◆ **GOAL OF THE EXERCISE**
Among the lines of the listing below, retype exactly those from the one containing "Een glad loopvlak" through the one containing "الوصف: سرير مودي", both included. Do not include pictures.
Segment Start: DATA SUPPLIED
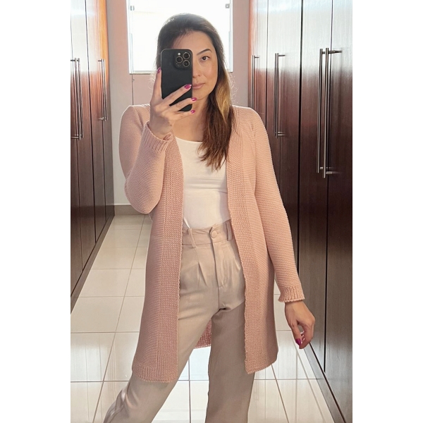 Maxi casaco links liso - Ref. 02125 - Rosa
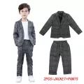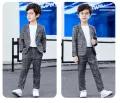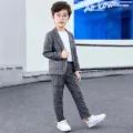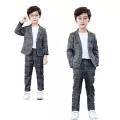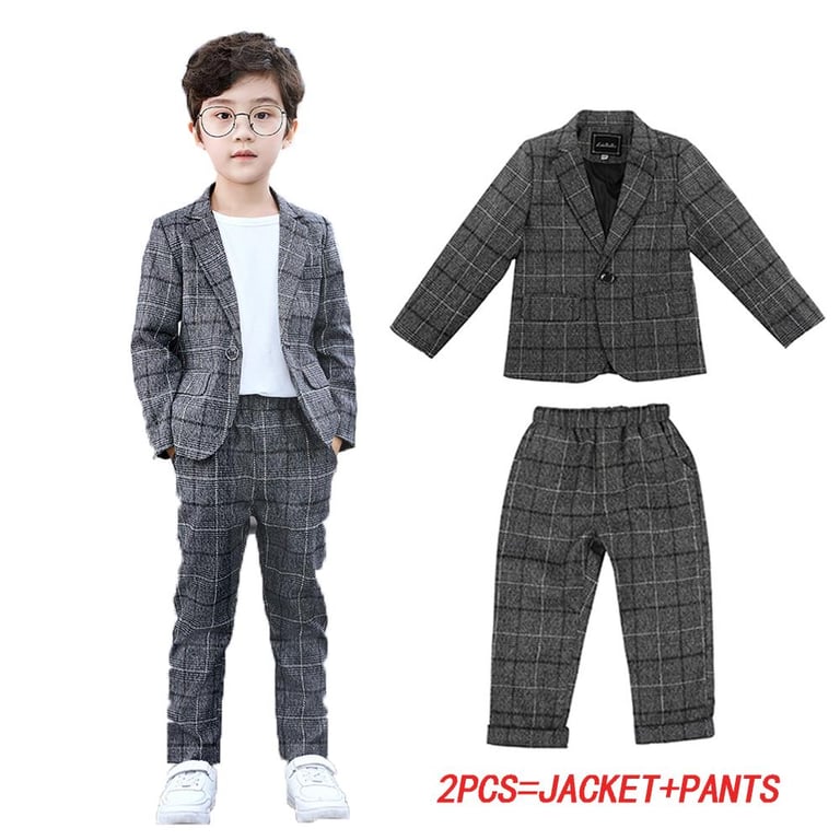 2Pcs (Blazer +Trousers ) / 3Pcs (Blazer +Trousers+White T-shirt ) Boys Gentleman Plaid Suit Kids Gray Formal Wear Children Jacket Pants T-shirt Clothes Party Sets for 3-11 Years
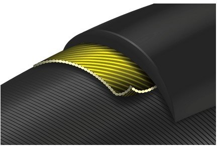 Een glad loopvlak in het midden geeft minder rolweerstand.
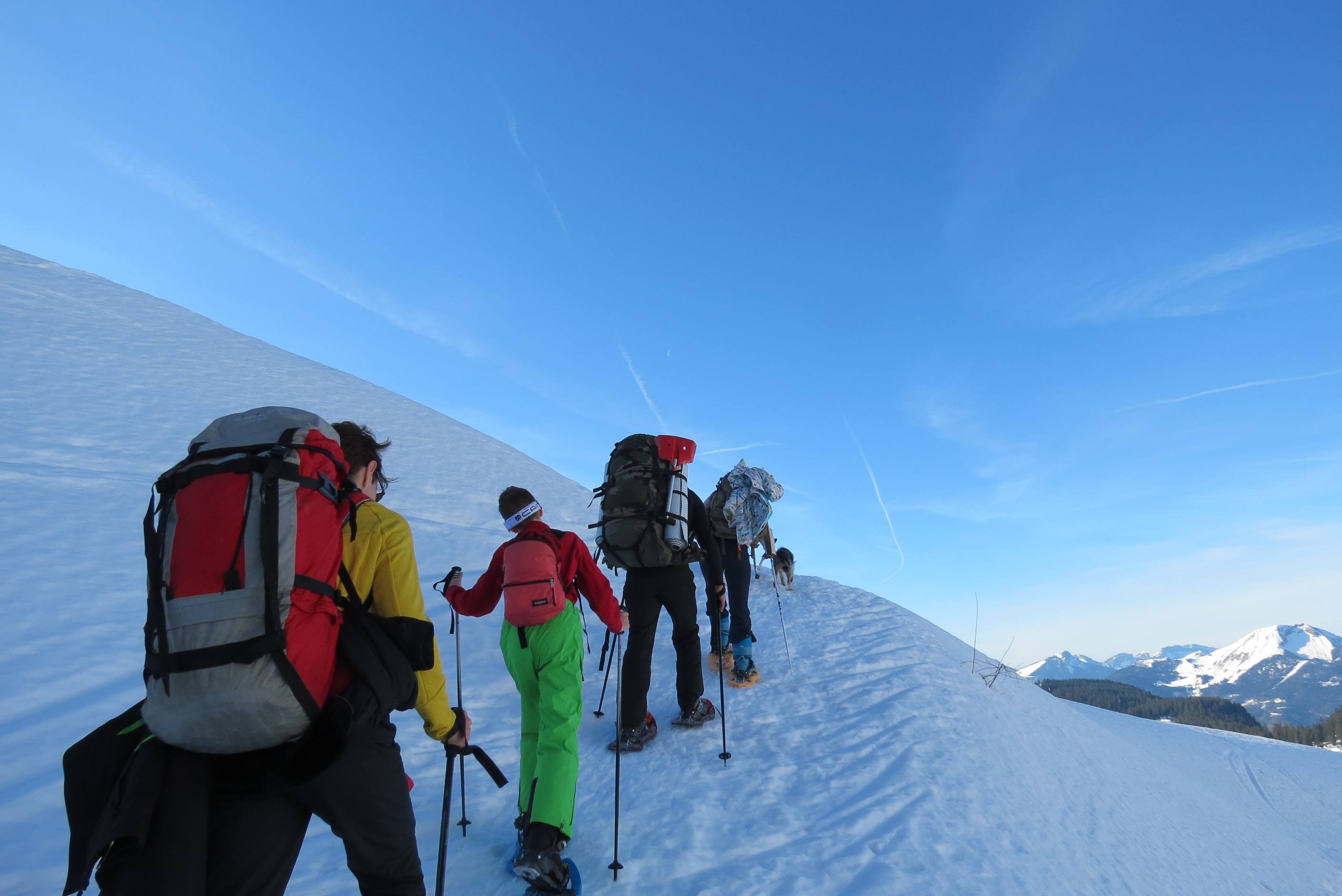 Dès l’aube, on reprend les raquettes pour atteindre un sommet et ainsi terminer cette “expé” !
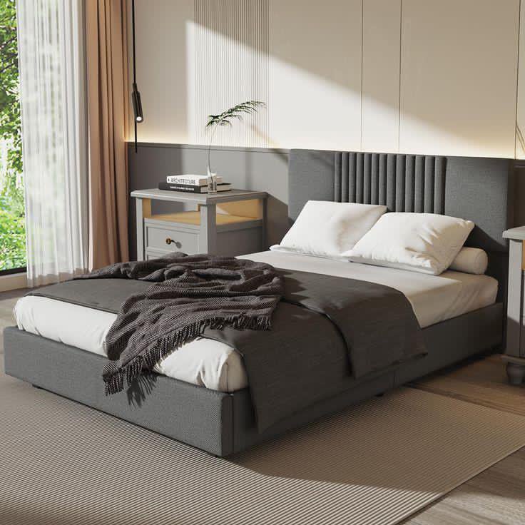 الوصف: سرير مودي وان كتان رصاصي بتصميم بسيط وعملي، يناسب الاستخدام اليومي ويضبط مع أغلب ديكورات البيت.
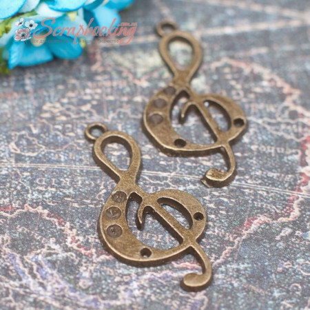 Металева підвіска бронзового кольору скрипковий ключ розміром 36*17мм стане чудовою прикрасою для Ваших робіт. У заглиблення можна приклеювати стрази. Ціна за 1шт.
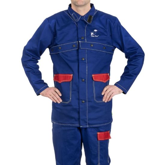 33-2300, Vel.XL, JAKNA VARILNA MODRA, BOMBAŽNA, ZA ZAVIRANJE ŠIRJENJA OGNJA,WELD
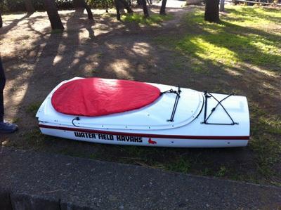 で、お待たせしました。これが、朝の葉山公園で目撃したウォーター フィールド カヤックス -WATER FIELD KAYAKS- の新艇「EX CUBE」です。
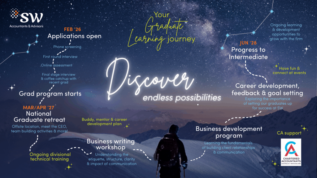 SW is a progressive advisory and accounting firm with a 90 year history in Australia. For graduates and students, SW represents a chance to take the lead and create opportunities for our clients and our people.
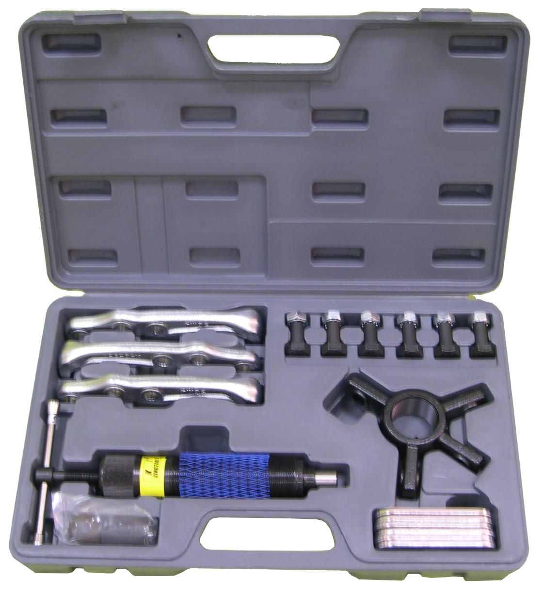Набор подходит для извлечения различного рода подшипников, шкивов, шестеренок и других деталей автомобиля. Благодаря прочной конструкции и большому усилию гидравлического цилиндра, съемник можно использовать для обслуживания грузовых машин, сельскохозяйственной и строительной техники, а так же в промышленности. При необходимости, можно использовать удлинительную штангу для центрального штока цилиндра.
Segment End: DATA SUPPLIED
◆ **REPLY**
 Een glad loopvlak in het midden geeft minder rolweerstand.
 Dès l’aube, on reprend les raquettes pour atteindre un sommet et ainsi terminer cette “expé” !
 الوصف: سرير مودي وان كتان رصاصي بتصميم بسيط وعملي، يناسب الاستخدام اليومي ويضبط مع أغلب ديكورات البيت.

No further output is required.